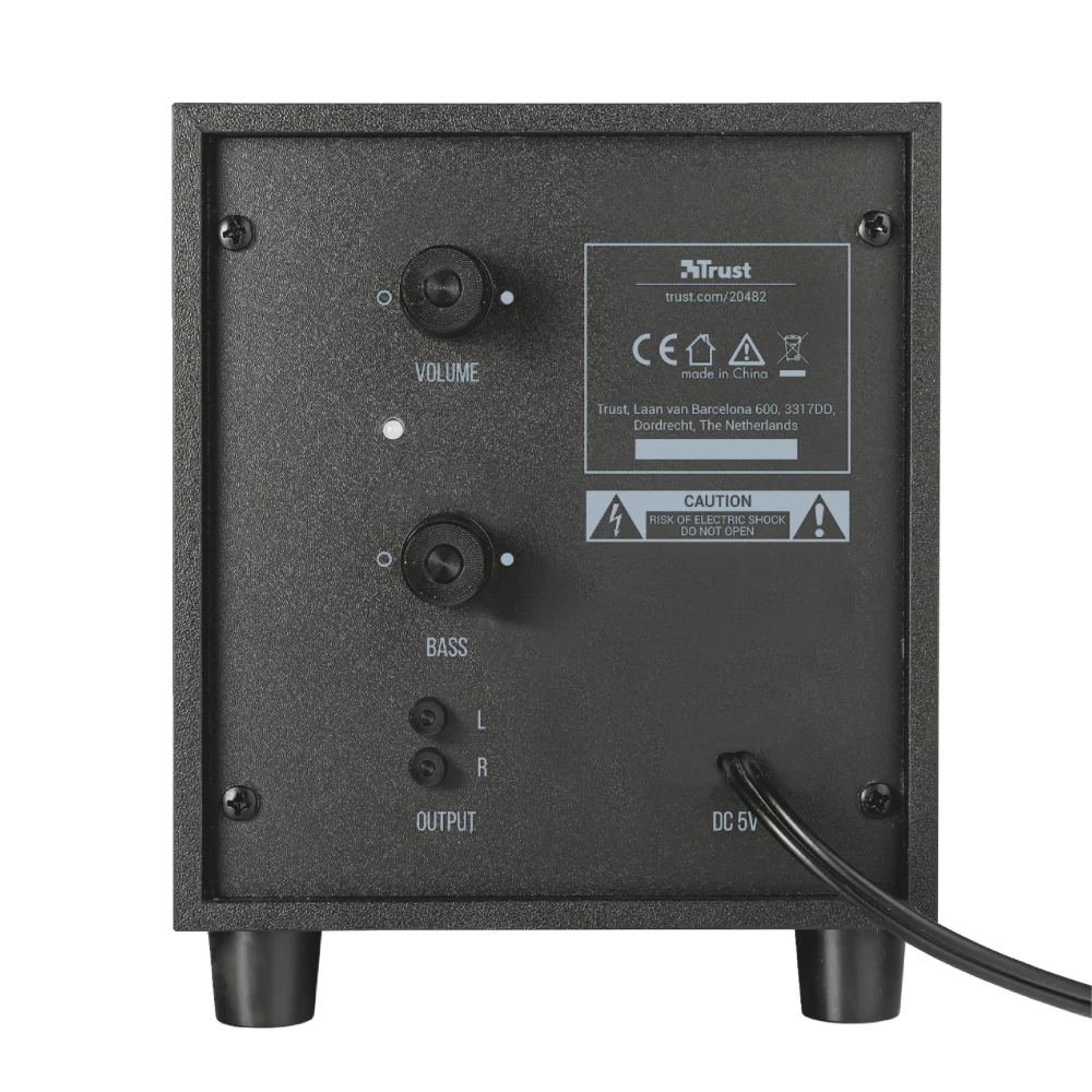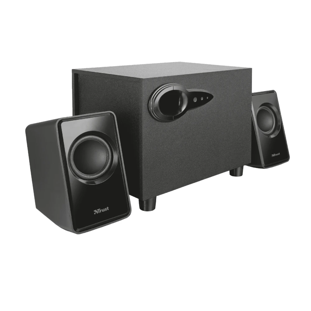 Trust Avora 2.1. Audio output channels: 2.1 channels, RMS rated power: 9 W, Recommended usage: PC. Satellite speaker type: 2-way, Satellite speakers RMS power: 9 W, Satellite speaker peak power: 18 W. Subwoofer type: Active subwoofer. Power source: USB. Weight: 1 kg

==

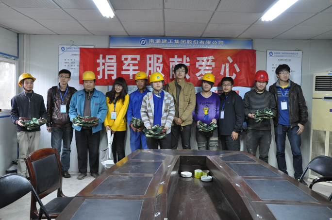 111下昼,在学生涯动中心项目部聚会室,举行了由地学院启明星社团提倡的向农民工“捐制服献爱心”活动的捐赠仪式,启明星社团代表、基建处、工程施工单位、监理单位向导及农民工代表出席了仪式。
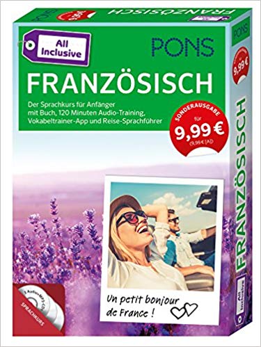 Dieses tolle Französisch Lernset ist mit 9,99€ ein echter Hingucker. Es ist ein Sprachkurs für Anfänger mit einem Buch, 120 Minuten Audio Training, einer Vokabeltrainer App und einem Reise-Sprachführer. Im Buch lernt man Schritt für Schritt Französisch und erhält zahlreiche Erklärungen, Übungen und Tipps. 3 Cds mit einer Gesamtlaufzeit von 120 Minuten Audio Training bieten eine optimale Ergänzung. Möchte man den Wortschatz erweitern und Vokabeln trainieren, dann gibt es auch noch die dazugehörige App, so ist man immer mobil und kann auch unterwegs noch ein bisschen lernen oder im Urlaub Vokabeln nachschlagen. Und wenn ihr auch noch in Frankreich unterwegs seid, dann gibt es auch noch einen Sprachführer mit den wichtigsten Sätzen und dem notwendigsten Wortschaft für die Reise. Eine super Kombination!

--

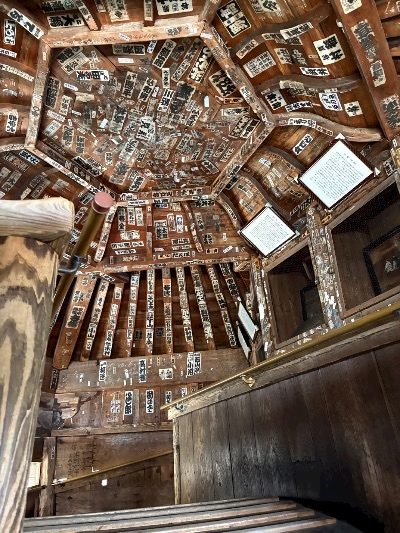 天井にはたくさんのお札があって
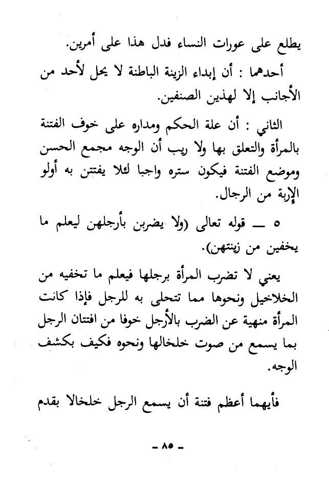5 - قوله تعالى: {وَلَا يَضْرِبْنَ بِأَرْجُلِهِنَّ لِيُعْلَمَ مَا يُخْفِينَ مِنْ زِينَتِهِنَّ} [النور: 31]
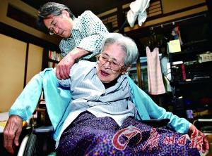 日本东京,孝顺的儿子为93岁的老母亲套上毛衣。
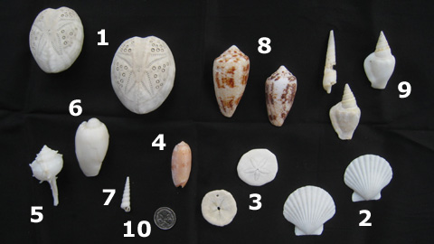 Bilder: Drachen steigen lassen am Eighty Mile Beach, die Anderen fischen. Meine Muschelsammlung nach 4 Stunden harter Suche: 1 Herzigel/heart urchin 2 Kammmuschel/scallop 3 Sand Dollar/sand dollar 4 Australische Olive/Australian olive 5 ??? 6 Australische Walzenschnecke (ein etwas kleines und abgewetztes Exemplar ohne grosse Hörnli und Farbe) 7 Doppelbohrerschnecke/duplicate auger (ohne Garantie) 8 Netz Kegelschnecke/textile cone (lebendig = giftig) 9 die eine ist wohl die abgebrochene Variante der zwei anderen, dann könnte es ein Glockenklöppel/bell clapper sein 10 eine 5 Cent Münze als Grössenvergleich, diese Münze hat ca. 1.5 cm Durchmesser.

### [Exercise goal]
In the entries above, find the line containing "111下昼,在学生涯动中心项" and the line containing "Dieses tolle Französisch"; give again exactly those two lines and every line between them, minus the pictures.

### [Exercise answer]
 111下昼,在学生涯动中心项目部聚会室,举行了由地学院启明星社团提倡的向农民工“捐制服献爱心”活动的捐赠仪式,启明星社团代表、基建处、工程施工单位、监理单位向导及农民工代表出席了仪式。
 Dieses tolle Französisch Lernset ist mit 9,99€ ein echter Hingucker. Es ist ein Sprachkurs für Anfänger mit einem Buch, 120 Minuten Audio Training, einer Vokabeltrainer App und einem Reise-Sprachführer. Im Buch lernt man Schritt für Schritt Französisch und erhält zahlreiche Erklärungen, Übungen und Tipps. 3 Cds mit einer Gesamtlaufzeit von 120 Minuten Audio Training bieten eine optimale Ergänzung. Möchte man den Wortschatz erweitern und Vokabeln trainieren, dann gibt es auch noch die dazugehörige App, so ist man immer mobil und kann auch unterwegs noch ein bisschen lernen oder im Urlaub Vokabeln nachschlagen. Und wenn ihr auch noch in Frankreich unterwegs seid, dann gibt es auch noch einen Sprachführer mit den wichtigsten Sätzen und dem notwendigsten Wortschaft für die Reise. Eine super Kombination!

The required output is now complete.